Ibrahim saw him struggling with darker things: anger on behalf of his mother; disappointment at his father’s lying; desire
for his father’s happiness and an understanding of why he might have chosen this route to it; a feeling of shame at the whole situation.

“We have women in Homicide too,” Ibrahim said, “but we rarely see them.”

Aqmar nodded. “I hope your friend is okay.”

They walked the rest of the way home in silence.

Back at the house, Aqmar said good night and went into his apartment, where a very patient wife had been waiting for three hours. Ibrahim heard Jamila upstairs on the phone, complaining loudly to a friend about his irrational behavior: not letting Hanan get engaged to a wealthy cousin! It was his cue to give a soft tap on Zaki’s door, just across the hall from Aqmar’s.

Saffanah answered with only one eye exposed. It was red and bloodshot. She stood back and let him in.

He walked into the foyer, where she stood clutching her waist, looking miserable.

“How are you feeling?”

She shrugged.

“How is it with Zaki?”

She shook her head. “He won’t,” she said, clutching herself even more tightly. He could tell from the way her shoulders trembled that she was trying not to cry. It was a fight she lost almost immediately.

“Let’s go out,” he said. He couldn’t stand to see her cry. “Do you need groceries?”

She nodded.

They went to a medium-size market. She made him wait at the entrance until the only other shopper—a man—had finished his purchases and left. The store was just closing but the owner waited graciously while Saffanah patrolled the aisles with her basket,
keeping a vigilant eye on the door in case another man should come in and cut her shopping short. She still didn’t lift her burqa, and this time he guessed it was because her eyes were red and swollen. Maybe they had been all along.

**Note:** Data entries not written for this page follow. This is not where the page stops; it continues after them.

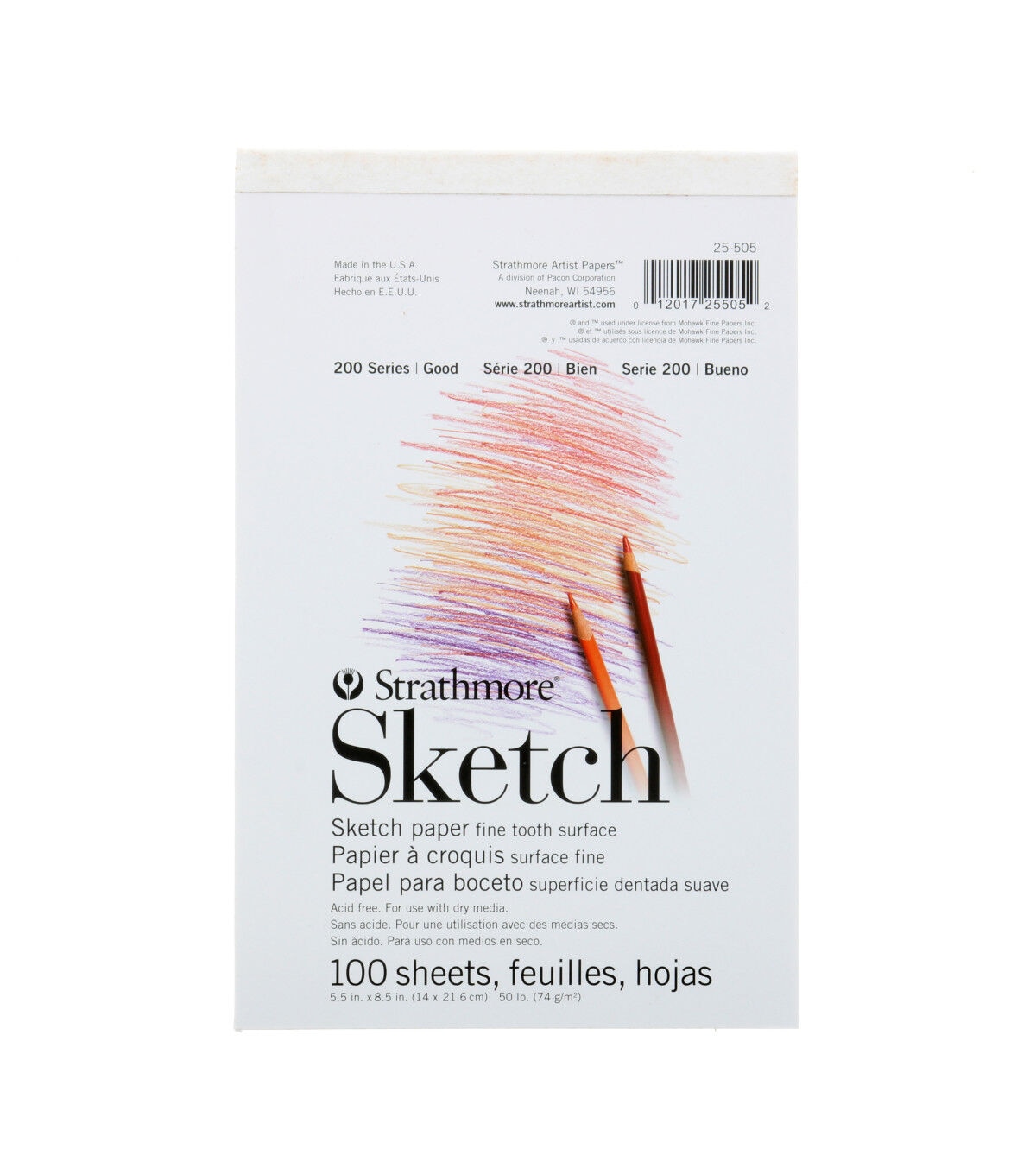 This lightweight drawing paper is excellent for on-location sketching and practicing techniques. Use with pencil, pen and ink, charcoal, pastel and markers.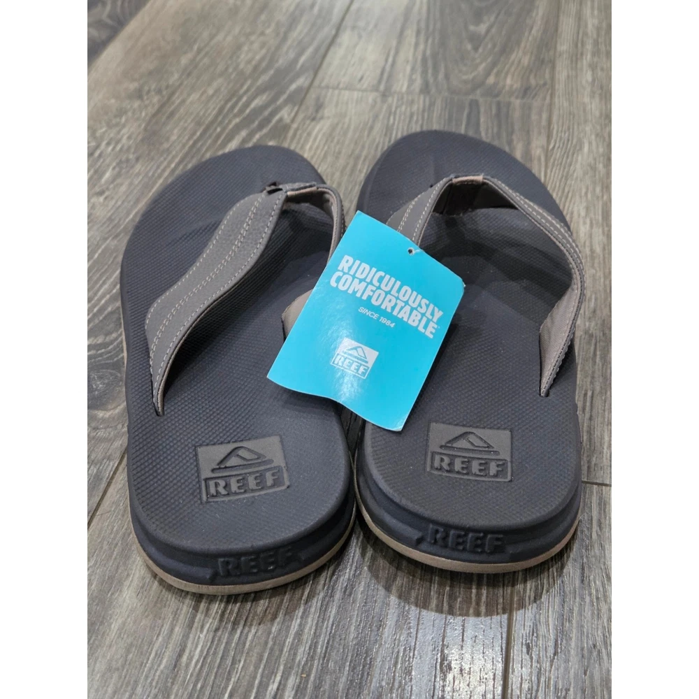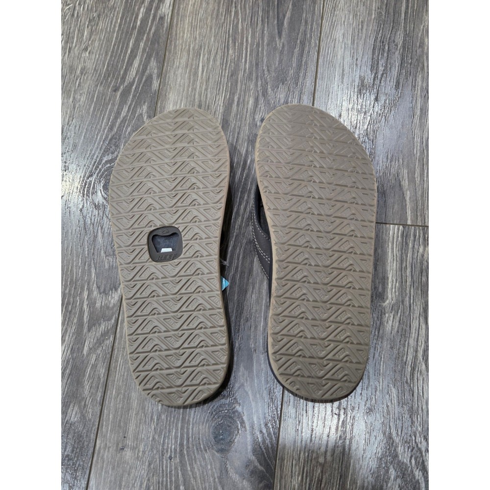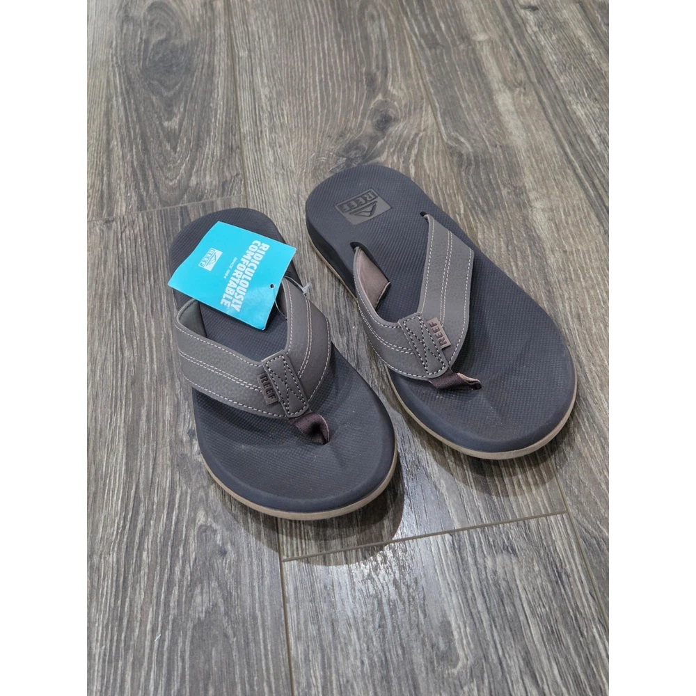 Department: Men US Shoe Size: 10 Theme: beach, vacation, casual, resort Style: Flip Flop Features: Breathable, Comfort, Cushioned Pattern: Solid Upper Material: Synthetic Closure: Slip On Brand: Reef Handmade: No Occasion: Casual, Travel Type: Sandal Vintage: No Color: Brown Accents: Logo Season: Spring, Summer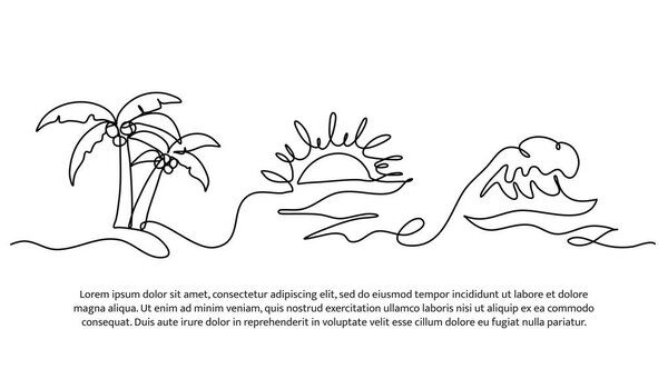 846758590 Continuous line design of palm, sun and beach waves. Single line decorative element drawn on white.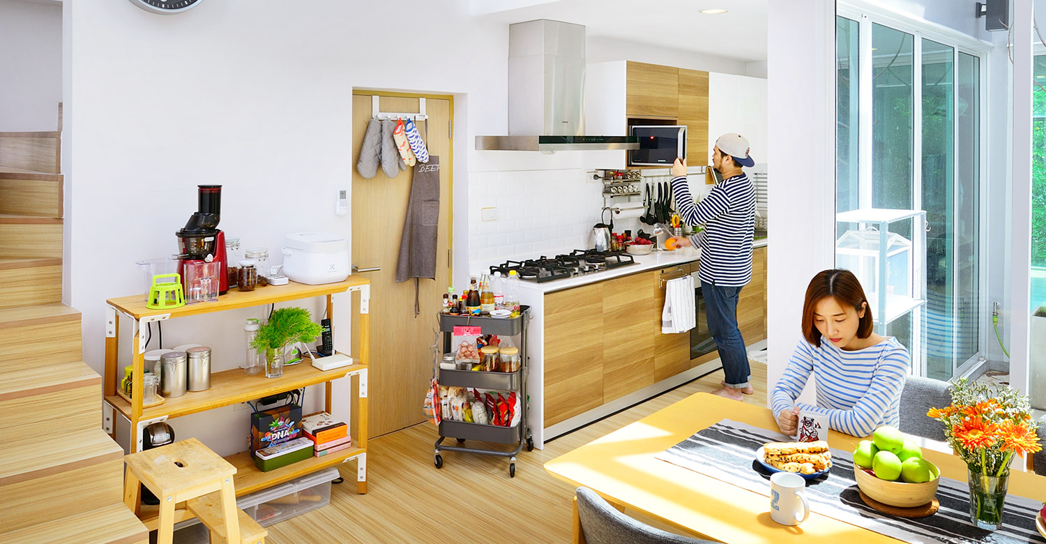 มาถึงตรงนี้คนที่จะบอกเล่าถึงส่วนห้องครัวได้ดีคงจะไม่ใช่คุณกิฟต์อย่างแน่นอน “เบียร์กับพี่กิฟต์ช่วยกันออกแบบห้องครัวคร่าวๆ ว่าอยากได้ประมาณไหน สไตล์ที่เราชอบคือให้ดูมินิมอล สะอาดตา เน้นฟังก์ชันใช้งานเป็นหลัก ซ่อนเตาแก๊สกับถังขยะให้ดูเรียบร้อย โทนสีที่เลือกใช้คือสีขาวสลับกับงานไม้ เป็นชุดครัวของทาง SB แต่เราออกแบบและเลือกวัสดุเองว่าอยากได้แบบไหน หลังจากติดตั้งครัวเสร็จ เราก็ไปซื้ออุปกรณ์สำเร็จมาติดเพิ่มเติม อย่างที่ราวแขวนอุปกรณ์ ที่แขวนผ้า หรือที่วาง iPad ไปซื้อรถเข็นสำหรับใส่ของมาเพิ่ม เพราะพื้นที่ตรงเคาน์เตอร์ไม่พอ ดูน่ารักดี และยังหยิบของใช้ได้สะดวก”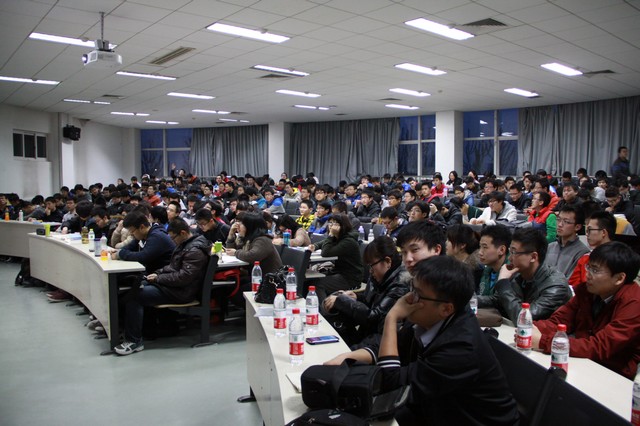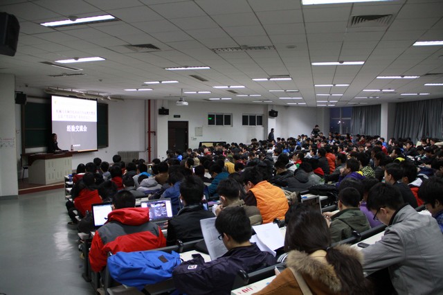 随后,特别邀请到的五位2013届本科毕业生分别从保研、求职、科技创新、学习生活以及留学等五个方面与在场同学进行交流,毕业生们从自身经历出发,向学弟学妹们分享了自己宝贵的经验,得到了全场雷鸣般的阵阵掌声。最后,由刘瑞老师向同学们讲解了关于国际交流项目的具体事宜,特别是学院交流人数越来越多的德国项目。

When she came to the counter, Ibrahim paid for the groceries and helped the owner bag them. As soon as they were back in the car, he said: “Zaki is out of town this weekend, and I know you don’t like to spend evenings with my wife, so why don’t we go and sit with Aqmar and Constance and bake those brownies?”

She looked down into the shopping bag and shook her head.

Once he’d carried the groceries inside, he crept upstairs to his own apartment. Jamila was still on the telephone but fortunately the front door was shut, so her complaints were only a muffled noise. He ducked into the men’s sitting room, grabbed a few pillows, and carried them to the roof. There he laid a little bed for himself near the hookah pipe and fell asleep gazing up at the starlight, wondering what his son was thinking of him now.